Ко мне подходят летчики, докладывают о выполнении задания.
Радуемся общему успеху: цели поражены, а на наших самолетах — ни царапины!..
Солнце палит нещадно. Обшивка самолетов накалилась, от моторов, как от печей, пашит жаром. Над
капотами — марево. Но механикам некогда ждать, и они, обжигая руки и обливаясь потом, готовят
машины к новым вылетам. Слышу, как торопит своих подчиненных инженер эскадрильи. Звучат
команды, звенят инструменты. Стремянки переходят из рук в руки. Хлопают створки бомболюков.
Вооруженны, мотористы действуют по четко разработанной схеме, быстро, уверенно выполняют
необходимые операции. Спешат ребята — некогда!
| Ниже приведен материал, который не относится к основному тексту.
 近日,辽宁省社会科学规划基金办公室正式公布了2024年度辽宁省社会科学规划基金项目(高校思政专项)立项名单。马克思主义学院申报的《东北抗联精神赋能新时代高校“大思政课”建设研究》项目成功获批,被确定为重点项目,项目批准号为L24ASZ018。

Скорее надо заправить, снарядить машины — им ведь
[144] снова туда, в гущу боя, где ждут их наступающие войска.
Хочется обнять каждого из них, сказать спасибо за усердие, за самоотверженность. Но обстановка не
располагает к сентиментам.
Прошу старшего техника-лейтенанта Одинцова обратить особое внимание на моторы, ведь в такую жару
они очень медленно остывают. Надо проверить и системы управления, вооружение, приборное
оборудование.
Суровым было фронтовое небо и здесь, в Белоруссии. В первый же день каждый летчик совершил по
нескольку боевых вылетов. Трижды вылетала и моя группа. На нас набрасывались вражеские
истребители, бешено били зенитки. Невероятным казалось, что мы без каких-либо потерь прорывались
сквозь плотную завесу огня. Возвращались усталые, взмокшие от напряжения, но гордые от сознания
своей причастности к оперативному наступлению советских войск.
— Товарищ командир, когда же наша очередь подойдет? — уже в который раз за день спрашивает меня
Киреев. В его глазах читаю нетерпение, желание скорее пойти в бой.
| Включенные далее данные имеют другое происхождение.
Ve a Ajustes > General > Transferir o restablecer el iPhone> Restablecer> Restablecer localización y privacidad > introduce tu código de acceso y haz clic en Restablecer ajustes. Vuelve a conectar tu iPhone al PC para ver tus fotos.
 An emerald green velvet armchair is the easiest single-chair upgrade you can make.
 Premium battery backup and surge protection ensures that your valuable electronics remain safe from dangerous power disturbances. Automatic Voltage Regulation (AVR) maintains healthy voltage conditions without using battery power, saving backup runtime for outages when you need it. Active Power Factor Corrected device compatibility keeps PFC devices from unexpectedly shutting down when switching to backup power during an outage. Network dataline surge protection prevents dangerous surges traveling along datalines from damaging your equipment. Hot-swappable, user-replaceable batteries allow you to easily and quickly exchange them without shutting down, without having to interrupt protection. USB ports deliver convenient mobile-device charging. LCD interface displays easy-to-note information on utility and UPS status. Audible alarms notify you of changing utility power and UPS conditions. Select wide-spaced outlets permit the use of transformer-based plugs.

— Скоро, Коля, скоро! — успокаиваю его. — Вот только с зенитками на нашем участке покончим. А пока
что забирайся в кабину и отрабатывай до автоматизма действия, изучай район предстоящих боев.
Пригодится...
Второй день был не менее напряженный, чем первый.
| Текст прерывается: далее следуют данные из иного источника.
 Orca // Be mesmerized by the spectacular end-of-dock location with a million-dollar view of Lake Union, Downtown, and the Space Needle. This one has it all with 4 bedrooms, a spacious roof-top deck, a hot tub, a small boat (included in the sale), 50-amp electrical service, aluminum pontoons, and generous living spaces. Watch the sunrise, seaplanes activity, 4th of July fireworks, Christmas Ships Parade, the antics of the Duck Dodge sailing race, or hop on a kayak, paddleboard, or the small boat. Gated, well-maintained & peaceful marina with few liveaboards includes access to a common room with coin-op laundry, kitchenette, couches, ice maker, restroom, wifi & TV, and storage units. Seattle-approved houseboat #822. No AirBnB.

Враг оказывал упорное сопротивление, и наши войска продвигались вперед медленно. Фашисты все
время вводили в бой резервы, много танков и артиллерии, чем прибавили нам работы. Мы появлялись
там, где особенно тяжело приходилось пехоте.
В этот день молодые летчики Киреев и Обозный получили боевое крещение. Киреев проявил себя
отлично, действовал уверенно и смело. У Обозного не все ладилось. После полетов я провел с ним
краткий разбор, указал на ошибки, дал ряд советов.
На третьи сутки зенитный огонь заметно ослабел, но вражеской авиации стало больше. «Мессершмитты»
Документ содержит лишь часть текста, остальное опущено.